SOURCE INFORMATION
Content starts
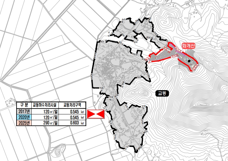 특히, 수려한 경관으로 고려후기 대사성 이색이 전국 8대 명산으로 꼽은 화개산에 조성한 수도권 최고의 가족 휴양형 공원인 화개정원이 준공을 앞두고 있어 변화하는 지역 여건을 반영한 교동하수처리장의 처리용량 증설이 시급한 실정이었다.
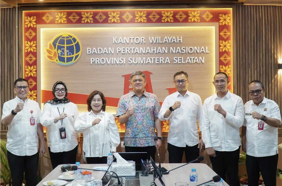 PALEMBANG – Kepala Kantor Wilayah (Kakanwil) Badan Pertanahan Nasional (BPN) Sumatra Selatan, Asnawati beserta Kepala Bagian Tata Usaha dan Kepala Bidang menyambut kedatangan Inspek Wilayah III Kementerian ATR/BPN, Lutfi Zakariah beserta jajaran, Kamis (4/12/2025).
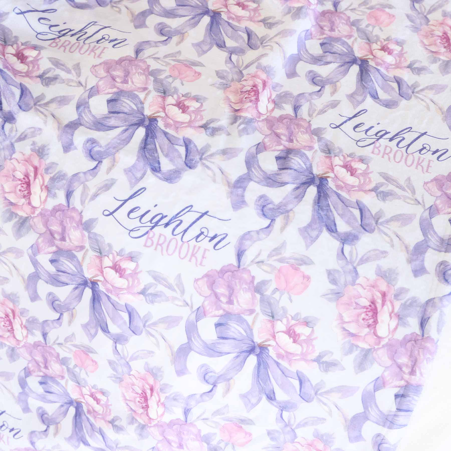Snuggle time just got a whole lot sweeter with our Leighton’s Lavender Personalized Kids Blanket! Bursting with watercolor roses in shades of blush and lavender, delicate vines and dainty periwinkle bows, this dreamy floral print brings a touch of magic to every cuddle, nap, and movie night. Made from our signature bamboo blend with a velvety-soft feel, it’s lightweight yet cozy, breathable yet warm and the perfect all-season companion for growing littles. Personalize it with her name to make bedtime feel extra special. Whether it’s draped across her bed or tagging along to sleepovers, this blanket wraps her in softness and love with every snuggle.
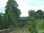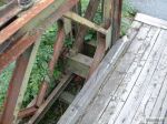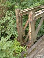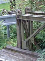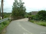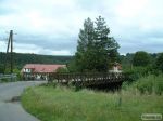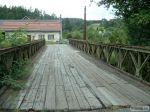 Pohled na most od jihu. Přerůstající vegetace jasně ukazuje na frekvenci dopravy. Dobře patrná je nepůvodní dřevěná mostovka.-
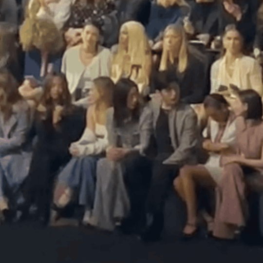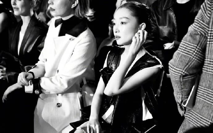 看秀時被抓拍,黑白色調有種電影截圖既視感,舉手投足盡顯影后風範。
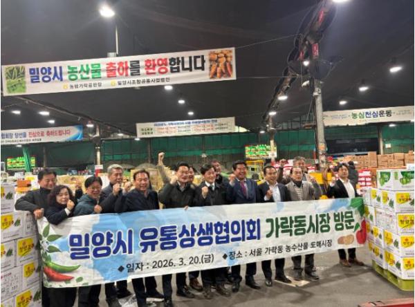[한국제일신문, 김성옥기자] 밀양시 농산물 유통상생협의회는 지난 20일 서울 가락농수산물종합도매시장을 방문해 지역 농산물 유통 경쟁력 강화를 위한 현장 활동을 펼쳤다.
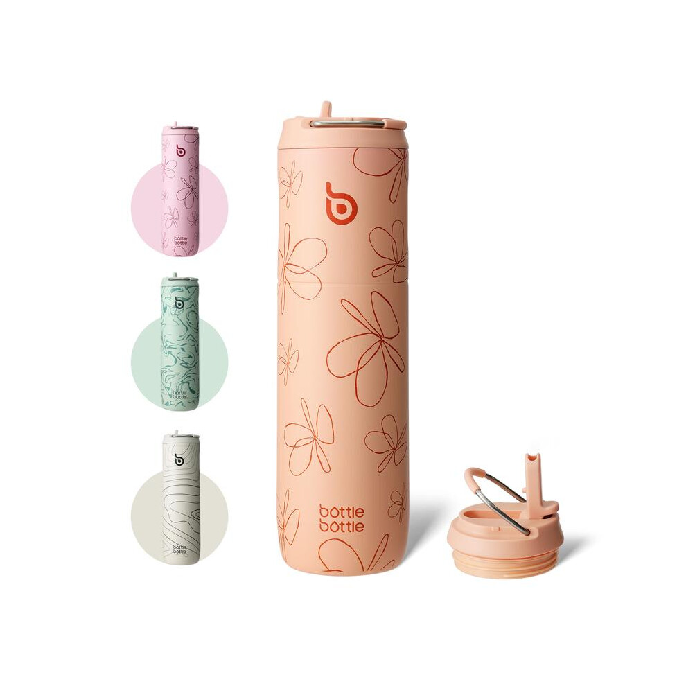 (Pink Flower) Bottle Bottle Insulated Water Bottle 700ml(24oz) with Straw and Lid Stainless Steel Sports Travel Gym Water Bottles Metal Drink Flask wi
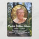 Personalize a funeral program with the photo of the deceased loved one. The background features a peaceful pine tree forest. The quote, "Life is eternal, and love is immortal, and death is only a horizon; and a horizon is nothing save the limit of our sight," by Rossiter Worthington Raymond is on the front below the photo, name and years of life. On the back is room for the order of services for the funeral, the list of pallbearers, and another quote, "Like a bird singing in the rain, let grateful memories survive in time of sorrow," by Robert Louis Stevenson. Photos and text are set up to be personalized with your own photos and text. If you need help customizing, please contact me at jen@jenaleefamilystorykeeper.com
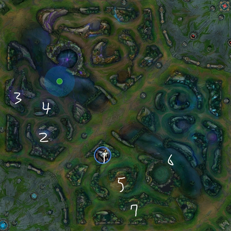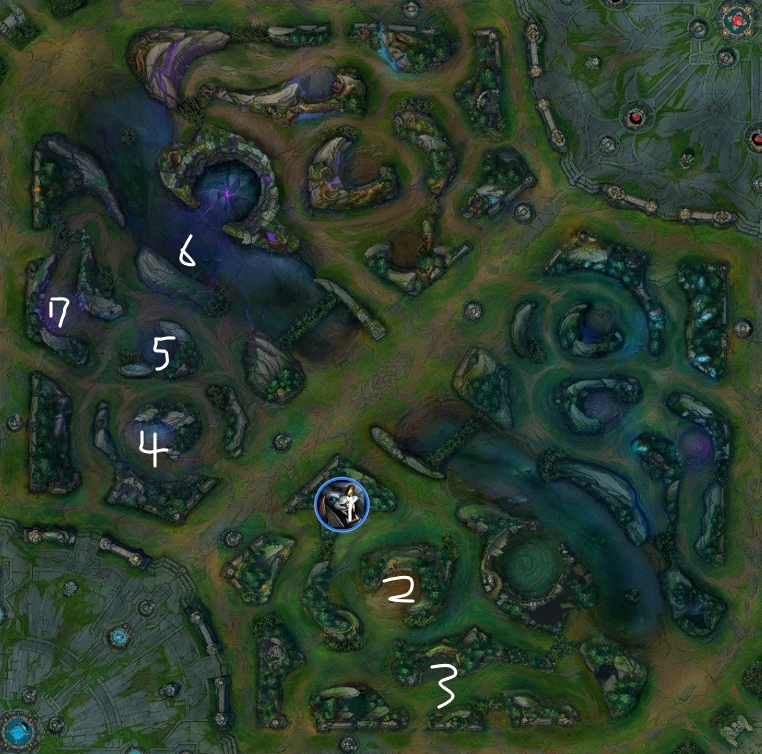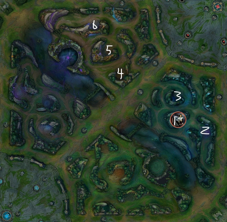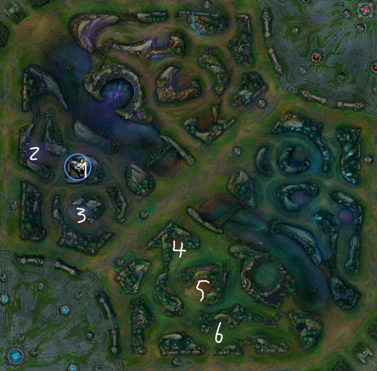 このルートをする場合は、レベル1で相手のバフにワードを置いてスタート位置を特定してから、ポーションを買ってレベル2でEを取って最速でJGを狩る必要がある。
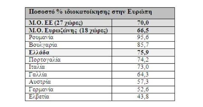 Σύμφωνα με τα στοιχεία που έδωσε πρόσφατα στη δημοσιότητα η Ελληνική Στατιστική Αρχή, η πλειοψηφία των Ελλήνων διαμένουν σε σπίτια ιδιόκτητα και μάλιστα χωρίς οικονομικά βάρη προς τις τράπεζες (67% τo 2011).
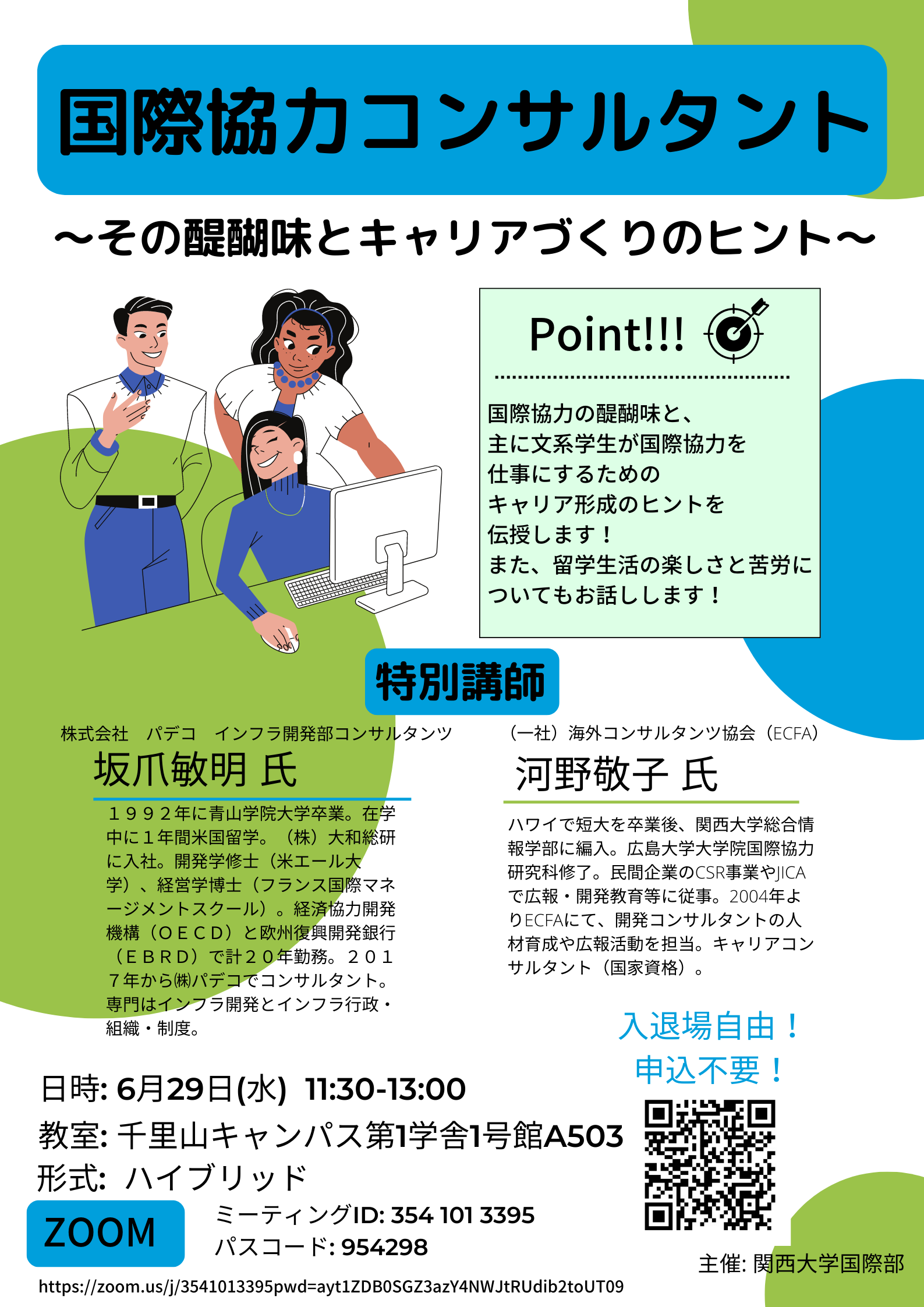 国際協力ガイダンス「国際協力コンサルタント~その醍醐味とキャリアづくりのヒント」開催のご案内
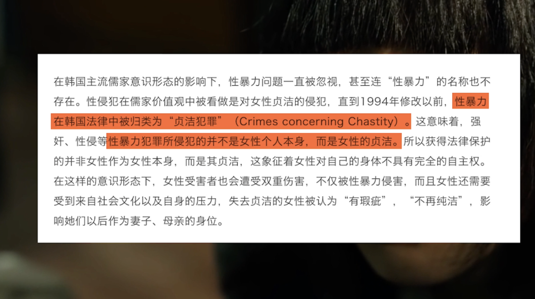 还有女性的人身权利问题。韩国法律一直不把强奸视为伤害女性的身体,而是啥呢?是伤害了贞洁,也就是配偶的初次占有权。这种出土文物级的法律条文,1994年才废除。
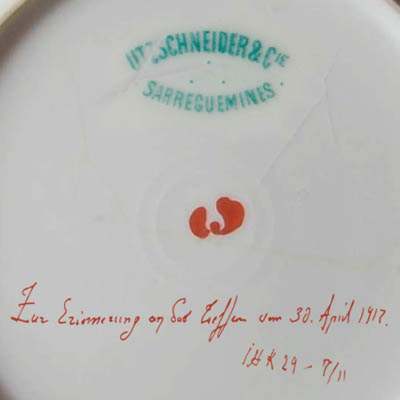 C'est ici que se place l'histoire de notre assiette, le quartier général du 17e "Chevaux légers" était à Sarreguemines et c'est là que Lénine et ses compagnons de route ont été amenés pour y être mis en détention et être interrogés. Dès que la décision de l'Empereur d'aider le groupe à rejoindre la Russie parvient au régiment de cavalerie, la situation des captifs s'améliore considérablement et si pour des raisons de sécurité et de confidentialité ils ne peuvent "s'afficher en ville", ils recevront des visites de sympathisants de l'internationale ouvrière renseignés par un officier allemand, membre du SPD et qui désapprouve le comportement de son parti dans la gestion du conflit.
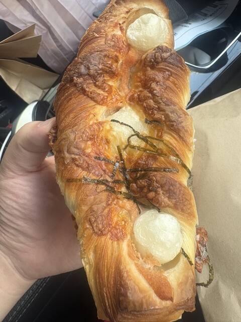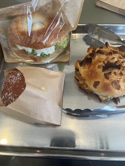 ツナメルトベーグル420円とマラサダ?ハワイのドーナツにあんと生クリームがはさまってるもの350円を購入しました。
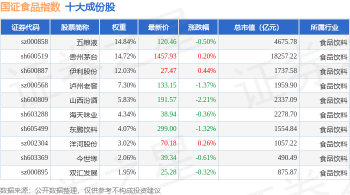 证券之星消息,10月20日,国证食品(399396)指数报收于18610.8点,跌0.37%,成交172.95亿元,换手率0.69%。当日该指数成份股中,上涨的有17家,养元饮品以3.38%的涨幅领涨,下跌的有32家,盐津铺子以4.66%的跌幅领跌。
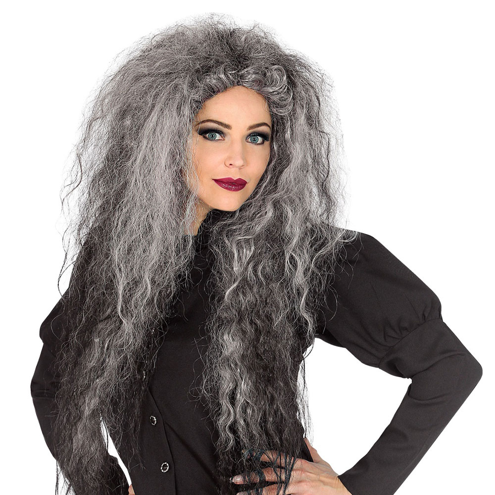 Frissig Häxperuk Grå omfattar en grå, riktigt lång peruk med frissiga lockar. Peruken passar vuxna och är gjord i polyester.
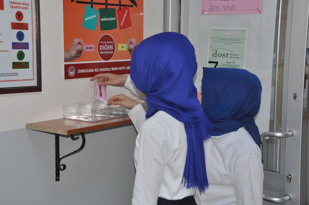 Kız İmam Hatip Lisesi ve Ortaokulu öğrencileri "Askıda Ekmek" projesi başlattı. Proje çerçevesinde okul harçlığı olmayan, ihtiyacı olan arkadaşlarını düşünen öğrenciler, harçlıklarıyla aldıkları yiyecek kartlarını "Askıda Ekmek" kutularına bırakıyor.
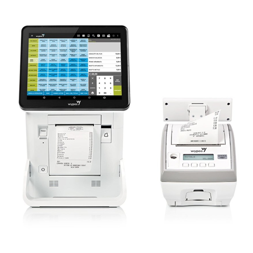 Registratore telematico con tastiera di servizio a scomparsa e POS touch screen da 10” con stampante di ricevute termiche e display di cortesia integrato per consentire la massima razionalizzazione degli spazi.
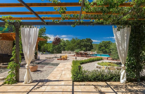The perfect place to relax in the midst of soothing nature - Villa Veselici in eastern Istria. The villa is an old, beautifully restored stone house that exudes the charm of a traditional home yet offers the comfort of a modern vacation home. The villa is set on a 11500 m2 plot of land, allowing you to enjoy complete privacy. With the comfort of a private pool, this villa offers exactly what you need to escape the stresses of everyday life. The open plan first floor consists of a cozy living room and a fully equipped kitchen with dining area. There are a total of 3 bedrooms located on the upper floor. They each have a comfortable double bed, air conditioning, TV and an en-suite bathroom. The third bedroom also has a sofa bed for extra sleeping space. This room also has access to the lovely terrace from where you can enjoy the magnificent views.
Content ends
EXERCISE
Would you please transcribe the listing in full, exactly, while omitting the images?

RESULT FOR THIS TASK
 특히, 수려한 경관으로 고려후기 대사성 이색이 전국 8대 명산으로 꼽은 화개산에 조성한 수도권 최고의 가족 휴양형 공원인 화개정원이 준공을 앞두고 있어 변화하는 지역 여건을 반영한 교동하수처리장의 처리용량 증설이 시급한 실정이었다.
 PALEMBANG – Kepala Kantor Wilayah (Kakanwil) Badan Pertanahan Nasional (BPN) Sumatra Selatan, Asnawati beserta Kepala Bagian Tata Usaha dan Kepala Bidang menyambut kedatangan Inspek Wilayah III Kementerian ATR/BPN, Lutfi Zakariah beserta jajaran, Kamis (4/12/2025).
Snuggle time just got a whole lot sweeter with our Leighton’s Lavender Personalized Kids Blanket! Bursting with watercolor roses in shades of blush and lavender, delicate vines and dainty periwinkle bows, this dreamy floral print brings a touch of magic to every cuddle, nap, and movie night. Made from our signature bamboo blend with a velvety-soft feel, it’s lightweight yet cozy, breathable yet warm and the perfect all-season companion for growing littles. Personalize it with her name to make bedtime feel extra special. Whether it’s draped across her bed or tagging along to sleepovers, this blanket wraps her in softness and love with every snuggle.
 Pohled na most od jihu. Přerůstající vegetace jasně ukazuje na frekvenci dopravy. Dobře patrná je nepůvodní dřevěná mostovka.-
 看秀時被抓拍,黑白色調有種電影截圖既視感,舉手投足盡顯影后風範。
[한국제일신문, 김성옥기자] 밀양시 농산물 유통상생협의회는 지난 20일 서울 가락농수산물종합도매시장을 방문해 지역 농산물 유통 경쟁력 강화를 위한 현장 활동을 펼쳤다.
 (Pink Flower) Bottle Bottle Insulated Water Bottle 700ml(24oz) with Straw and Lid Stainless Steel Sports Travel Gym Water Bottles Metal Drink Flask wi
 Personalize a funeral program with the photo of the deceased loved one. The background features a peaceful pine tree forest. The quote, "Life is eternal, and love is immortal, and death is only a horizon; and a horizon is nothing save the limit of our sight," by Rossiter Worthington Raymond is on the front below the photo, name and years of life. On the back is room for the order of services for the funeral, the list of pallbearers, and another quote, "Like a bird singing in the rain, let grateful memories survive in time of sorrow," by Robert Louis Stevenson. Photos and text are set up to be personalized with your own photos and text. If you need help customizing, please contact me at jen@jenaleefamilystorykeeper.com
 このルートをする場合は、レベル1で相手のバフにワードを置いてスタート位置を特定してから、ポーションを買ってレベル2でEを取って最速でJGを狩る必要がある。
 Σύμφωνα με τα στοιχεία που έδωσε πρόσφατα στη δημοσιότητα η Ελληνική Στατιστική Αρχή, η πλειοψηφία των Ελλήνων διαμένουν σε σπίτια ιδιόκτητα και μάλιστα χωρίς οικονομικά βάρη προς τις τράπεζες (67% τo 2011).
 国際協力ガイダンス「国際協力コンサルタント~その醍醐味とキャリアづくりのヒント」開催のご案内
 还有女性的人身权利问题。韩国法律一直不把强奸视为伤害女性的身体,而是啥呢?是伤害了贞洁,也就是配偶的初次占有权。这种出土文物级的法律条文,1994年才废除。
 C'est ici que se place l'histoire de notre assiette, le quartier général du 17e "Chevaux légers" était à Sarreguemines et c'est là que Lénine et ses compagnons de route ont été amenés pour y être mis en détention et être interrogés. Dès que la décision de l'Empereur d'aider le groupe à rejoindre la Russie parvient au régiment de cavalerie, la situation des captifs s'améliore considérablement et si pour des raisons de sécurité et de confidentialité ils ne peuvent "s'afficher en ville", ils recevront des visites de sympathisants de l'internationale ouvrière renseignés par un officier allemand, membre du SPD et qui désapprouve le comportement de son parti dans la gestion du conflit.
 ツナメルトベーグル420円とマラサダ?ハワイのドーナツにあんと生クリームがはさまってるもの350円を購入しました。
 证券之星消息,10月20日,国证食品(399396)指数报收于18610.8点,跌0.37%,成交172.95亿元,换手率0.69%。当日该指数成份股中,上涨的有17家,养元饮品以3.38%的涨幅领涨,下跌的有32家,盐津铺子以4.66%的跌幅领跌。
 Frissig Häxperuk Grå omfattar en grå, riktigt lång peruk med frissiga lockar. Peruken passar vuxna och är gjord i polyester.
 Kız İmam Hatip Lisesi ve Ortaokulu öğrencileri "Askıda Ekmek" projesi başlattı. Proje çerçevesinde okul harçlığı olmayan, ihtiyacı olan arkadaşlarını düşünen öğrenciler, harçlıklarıyla aldıkları yiyecek kartlarını "Askıda Ekmek" kutularına bırakıyor.
 Registratore telematico con tastiera di servizio a scomparsa e POS touch screen da 10” con stampante di ricevute termiche e display di cortesia integrato per consentire la massima razionalizzazione degli spazi.
The perfect place to relax in the midst of soothing nature - Villa Veselici in eastern Istria. The villa is an old, beautifully restored stone house that exudes the charm of a traditional home yet offers the comfort of a modern vacation home. The villa is set on a 11500 m2 plot of land, allowing you to enjoy complete privacy. With the comfort of a private pool, this villa offers exactly what you need to escape the stresses of everyday life. The open plan first floor consists of a cozy living room and a fully equipped kitchen with dining area. There are a total of 3 bedrooms located on the upper floor. They each have a comfortable double bed, air conditioning, TV and an en-suite bathroom. The third bedroom also has a sofa bed for extra sleeping space. This room also has access to the lovely terrace from where you can enjoy the magnificent views.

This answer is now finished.